The aforementioned performance improvement is primarily due to the optimization of the thread pool model. Version 2.1.5's thread is used as the model: tasks are executed according to a model that takes its key (TopicAndPartition) and obtains a hash to select a thread, this way, it's possible for a large number of threads to be called. On the other hand, in version 2.1.6's thread model, threads can be selected through two methods, according to task data or key hash. When a task has a thread that executes its corresponding key, it directly selects this thread, otherwise it selects the thread with the smallest number of waiting tasks, if all of the threads have the same number of waiting tasks, then it selects the thread with the smallest thread ID. The biggest difference between the two schema lies in the grouping of threads for task execution, in version 2.1.5 all threads are grouped, in version 2.1.6's schema it's basically a very small number of threads that are grouped. When, due to the kernel scheduler time slice, there's basically an identical number of tasks, if they are distributed to more thread groups, then the time slice cycle can cause the wait to increase. Therefore 2.1.6 can have even better results; for example, in 2.1.6-120, putMessage's average delay is 4.1ms, and every second 13884 putMessage requests are executed, then in theory the number of threads needed is 13885/(1000/4.1) = 57 threads, and the average number of threads needed by each machine is a little more than 14. Note: the cost of analyzing the above hypothesis is relatively high. The threads' waiting tasks' data distribution has only been tested in version 2.1.6, where we discovered that the vast majority of threads had 0 waiting tasks, but if we want to verify the aforementioned hypothesis, we must perform additional tests: for example using 2.1.5's schema to see the influence the number of threads has on latency, using 2.1.6 schema to see the distribution of task execution thread IDs, etc.

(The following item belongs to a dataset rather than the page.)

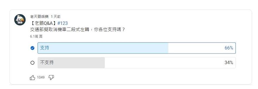 2023年05月03日為了改善機車事故,交通部擬部分取消機車兩段式左轉。近日Youtube頻道《老天鵝娛樂》發起「交通部擬取消機車二段式左轉,你各位支持嗎?」網路投票,短短幾天就有6萬多人參與,其中多達66%的網友支持取消,另外34%網友則不支持。

2. The wait time's long tail is greatly reduced
This item is mainly due to thread model optimization, version 2.1.5 selects threads according to the hash, and can create a problem where it tries to use a thread even when that thread is busy, and then the long tail is relatively long; as for the problem's effect on the new version, under average values and P75 conditions, the wait time increases slightly, but the absolute data is very small, therefore we can ignore its effect.

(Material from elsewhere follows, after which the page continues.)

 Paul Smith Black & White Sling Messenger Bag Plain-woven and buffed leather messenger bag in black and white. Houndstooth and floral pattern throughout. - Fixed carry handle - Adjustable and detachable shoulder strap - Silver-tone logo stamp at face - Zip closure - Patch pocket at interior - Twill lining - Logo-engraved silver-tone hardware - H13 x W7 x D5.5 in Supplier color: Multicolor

3. Version 2.1.6's runtime exceptions
In version 2.1.6, of the entire PutMessage and GetMessage delay, only about 25% is the HdfsWrite and HdfsRead delay, this is very nonsensical. Talos RestServer itself uses simple logic, if we create some content related to authentication and certification, after that the data and hdfs will interact.

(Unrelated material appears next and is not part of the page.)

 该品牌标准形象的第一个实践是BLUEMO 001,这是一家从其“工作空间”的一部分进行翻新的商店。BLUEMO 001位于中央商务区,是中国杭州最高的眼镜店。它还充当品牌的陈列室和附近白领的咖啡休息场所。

Put/getMessage qps increased more than 10%, put/getMessageLatency P75 decreased 80%~150%, at the same time, HDFS duration takes up more than 60% of the total time; there's no clear influence on the combined delay of P99 and P999, the proportion used by HDFS increased.
The capacity increased primarily because of the increase in the number of jetty worker threads, primarily showing an enormous reduction in the time spent between the start of executing Auth until actually allocating the PutMessage/GetMessage. Having analyzed CPU Busy we can see that, as the threads increase, CPU Busy also improves to a certain degree, therefore stuttering and latency are also reduced.